→ **EXERCISE PROMPT**: In the data below, locate the line containing "在 25200.00 之上,看涨,目标价位为" and the line containing "Aria di stampa", then retype both and everything between them exactly. Pictures are not part of the copy.

→ **INPUT MATERIAL**:
☆ ☆ ☆

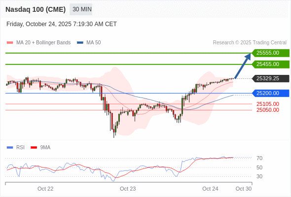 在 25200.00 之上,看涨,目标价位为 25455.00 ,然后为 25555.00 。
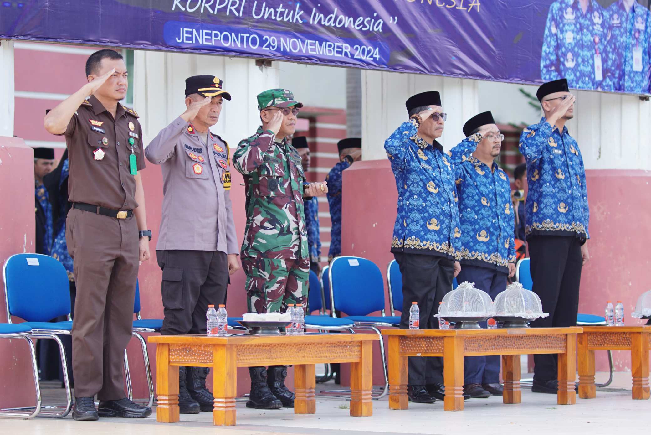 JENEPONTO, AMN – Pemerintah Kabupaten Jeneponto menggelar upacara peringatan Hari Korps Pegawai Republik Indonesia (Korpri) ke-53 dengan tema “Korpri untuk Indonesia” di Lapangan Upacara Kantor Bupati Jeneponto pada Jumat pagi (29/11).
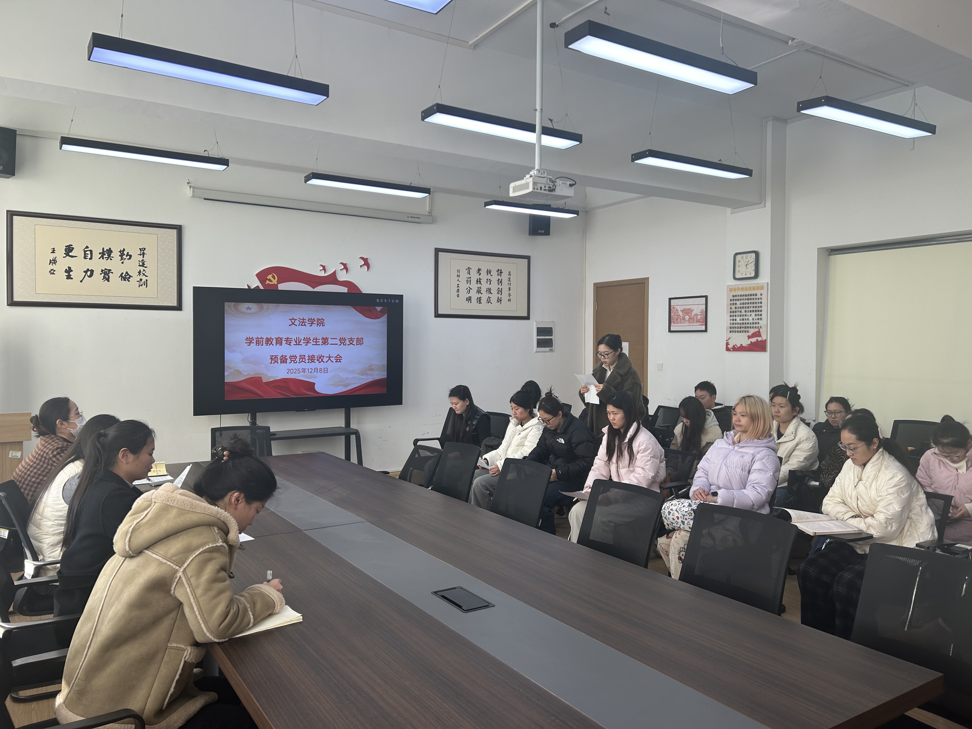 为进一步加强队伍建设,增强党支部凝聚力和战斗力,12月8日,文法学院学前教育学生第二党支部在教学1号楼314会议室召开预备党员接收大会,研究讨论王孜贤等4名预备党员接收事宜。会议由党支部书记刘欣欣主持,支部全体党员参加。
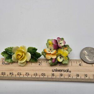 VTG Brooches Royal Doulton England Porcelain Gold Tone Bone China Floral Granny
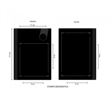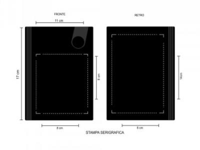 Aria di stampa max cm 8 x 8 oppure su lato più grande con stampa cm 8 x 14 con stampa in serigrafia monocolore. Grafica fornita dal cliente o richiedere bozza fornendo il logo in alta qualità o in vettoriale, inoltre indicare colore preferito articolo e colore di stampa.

☆ ☆ ☆

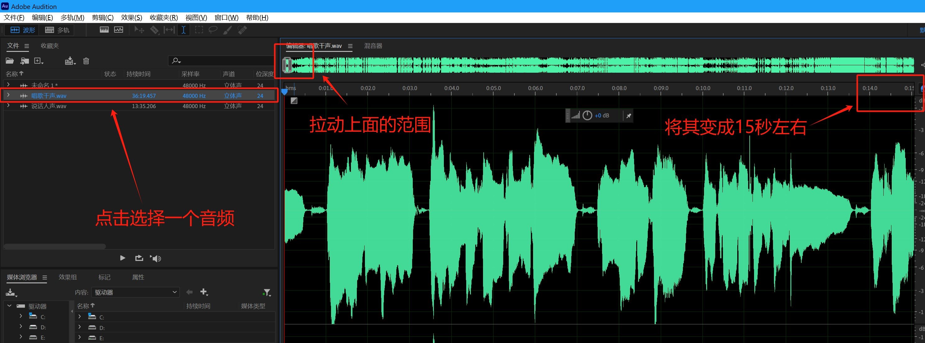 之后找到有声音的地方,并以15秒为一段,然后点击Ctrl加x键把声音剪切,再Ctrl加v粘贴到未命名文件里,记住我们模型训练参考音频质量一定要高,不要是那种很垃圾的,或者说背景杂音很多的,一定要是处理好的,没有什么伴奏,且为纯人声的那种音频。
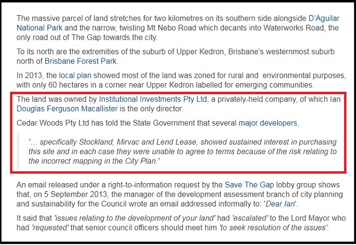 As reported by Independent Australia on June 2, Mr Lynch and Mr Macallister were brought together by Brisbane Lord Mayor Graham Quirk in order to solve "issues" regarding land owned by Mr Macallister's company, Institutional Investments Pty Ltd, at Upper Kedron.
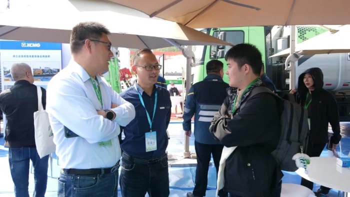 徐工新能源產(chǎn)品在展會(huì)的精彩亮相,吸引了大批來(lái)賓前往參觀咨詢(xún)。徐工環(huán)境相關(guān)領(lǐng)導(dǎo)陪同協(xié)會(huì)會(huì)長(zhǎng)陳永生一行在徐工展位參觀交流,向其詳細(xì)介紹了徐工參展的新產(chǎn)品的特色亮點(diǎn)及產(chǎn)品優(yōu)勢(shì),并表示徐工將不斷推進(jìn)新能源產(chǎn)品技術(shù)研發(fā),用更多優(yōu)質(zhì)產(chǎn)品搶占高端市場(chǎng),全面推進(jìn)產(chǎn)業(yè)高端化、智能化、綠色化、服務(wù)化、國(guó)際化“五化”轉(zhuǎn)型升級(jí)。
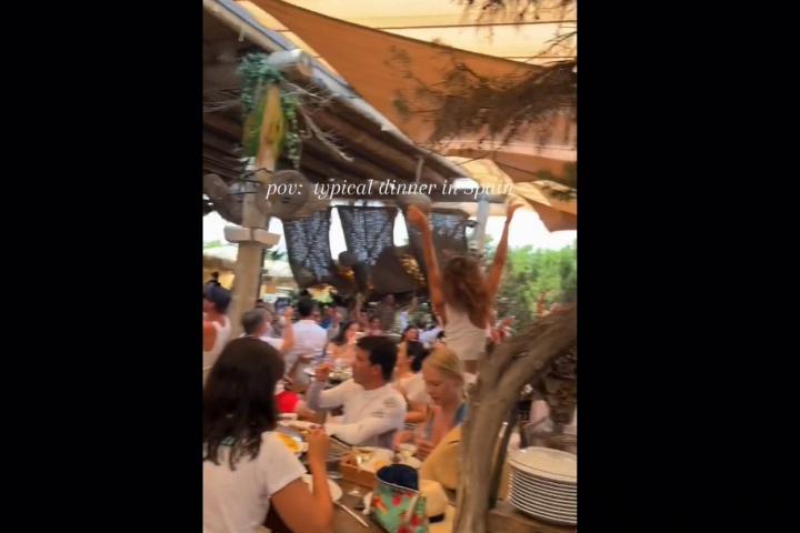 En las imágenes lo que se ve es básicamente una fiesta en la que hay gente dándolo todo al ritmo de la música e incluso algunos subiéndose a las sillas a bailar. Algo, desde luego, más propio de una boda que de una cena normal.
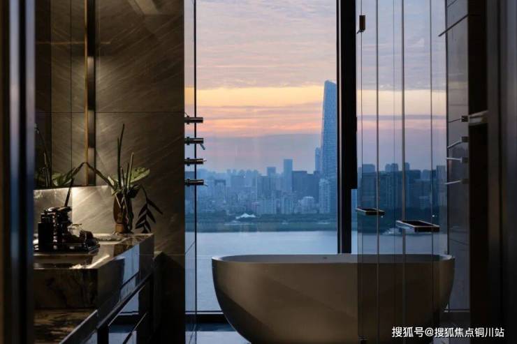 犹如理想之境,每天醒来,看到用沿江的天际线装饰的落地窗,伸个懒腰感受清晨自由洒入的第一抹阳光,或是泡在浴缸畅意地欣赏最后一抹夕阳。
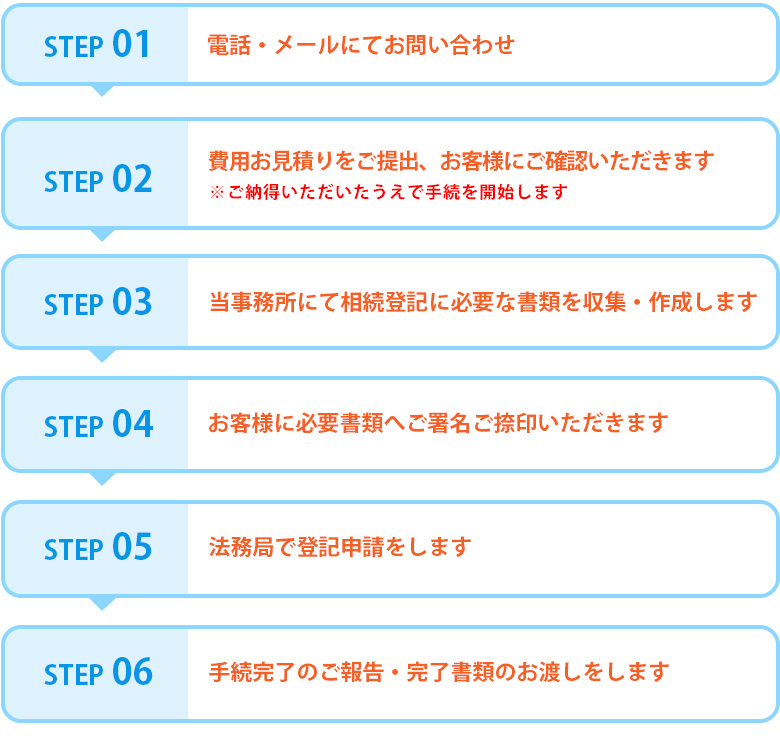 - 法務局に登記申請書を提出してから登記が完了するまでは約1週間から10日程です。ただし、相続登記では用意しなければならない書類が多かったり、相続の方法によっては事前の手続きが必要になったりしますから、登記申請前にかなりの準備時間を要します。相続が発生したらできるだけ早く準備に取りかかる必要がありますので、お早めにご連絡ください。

☆ ☆ ☆

→ **RESPONSE AREA**:
 在 25200.00 之上,看涨,目标价位为 25455.00 ,然后为 25555.00 。
 JENEPONTO, AMN – Pemerintah Kabupaten Jeneponto menggelar upacara peringatan Hari Korps Pegawai Republik Indonesia (Korpri) ke-53 dengan tema “Korpri untuk Indonesia” di Lapangan Upacara Kantor Bupati Jeneponto pada Jumat pagi (29/11).
 为进一步加强队伍建设,增强党支部凝聚力和战斗力,12月8日,文法学院学前教育学生第二党支部在教学1号楼314会议室召开预备党员接收大会,研究讨论王孜贤等4名预备党员接收事宜。会议由党支部书记刘欣欣主持,支部全体党员参加。
 VTG Brooches Royal Doulton England Porcelain Gold Tone Bone China Floral Granny
 Aria di stampa max cm 8 x 8 oppure su lato più grande con stampa cm 8 x 14 con stampa in serigrafia monocolore. Grafica fornita dal cliente o richiedere bozza fornendo il logo in alta qualità o in vettoriale, inoltre indicare colore preferito articolo e colore di stampa.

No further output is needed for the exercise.